Ice as a time machine, by Dr Mackenzie Grieman
Ice as a time machine – what stories can glaciers and ice sheets tell us about our past?
The history of science is in part a history of happy accidents – just ask Sir Isaac Newton. One such accident took place in 1965. A Frenchman who had spent his day drilling for ice cores in Antarctica casually dropped a piece of historic ice into a glass of whisky and watched as the pressurised air inside it suddenly released to form bubbles. The Frenchman was the famous glaciologist Claude Lorius.
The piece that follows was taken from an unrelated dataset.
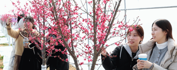 강진군이 지난해 축제 볼거리를 위해 심은 홍매화 200주가 최근 한파를 뚫고 봄 맞이를 위해 나선 나들이객들을 반기고 있는 것.
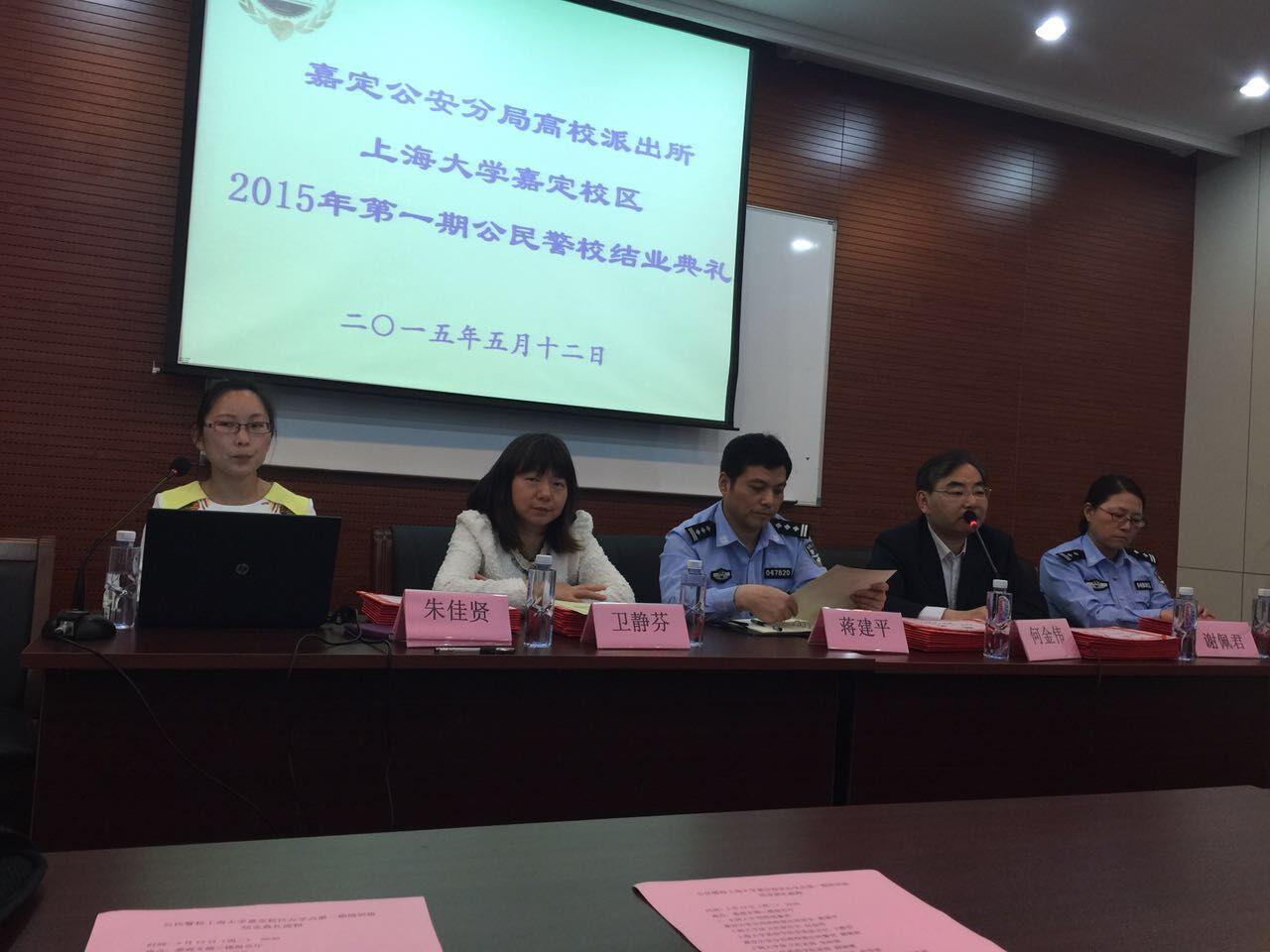 5月12日晚,公民警校金沙集团1862cc成色嘉定校区第一期培训班在悉商文德楼三楼报告厅举行结业典礼。来自悉尼工商学院的50名公民警校学员参加了结业典礼。嘉定公安分局高校派出所所长蒋建平、金沙集团1862cc成色武保处副处长何金伟、悉尼工商学院党委副书记卫静芬、高校派出所民警谢佩君、悉尼工商学院老师颜丽娜、武保处老师朱佳贤出席了结业典礼,并为学员们颁发了公民警校结业证书。

When he saw the bubbles, he quickly realised that they would contain air trapped at the point when the ice was formed, from hundreds or even thousands of years beforehand. Over the next decades he devoted himself to analysing the bubbles to work out what the composition of the atmosphere was at the time they were absorbed into the ice. As a result he became the first expert to identify the role played by greenhouse gases in global warming.
Today the study of ice cores and what’s described as ‘ice memory’ is a highly respected method not just of studying climates of the past but also of predicting what might happen in the future. Antarctica NOW is very happy to welcome Dr Mackenzie Grieman, who does her work as an ice-core specialist and paleo-climatologist at Cambridge University. She has travelled to the Antarctic as part of her work on the WACSWAIN project, which stands for the Warm Climate Stability of the West Antarctic Ice Sheet in the last Interglacial. What this basically means is that she is part of a team of scientists trying to work out if the West Antarctic Ice Sheet will melt entirely because of global warming. To do this they are looking at the clues trapped in ice from up to 130 thousand years ago.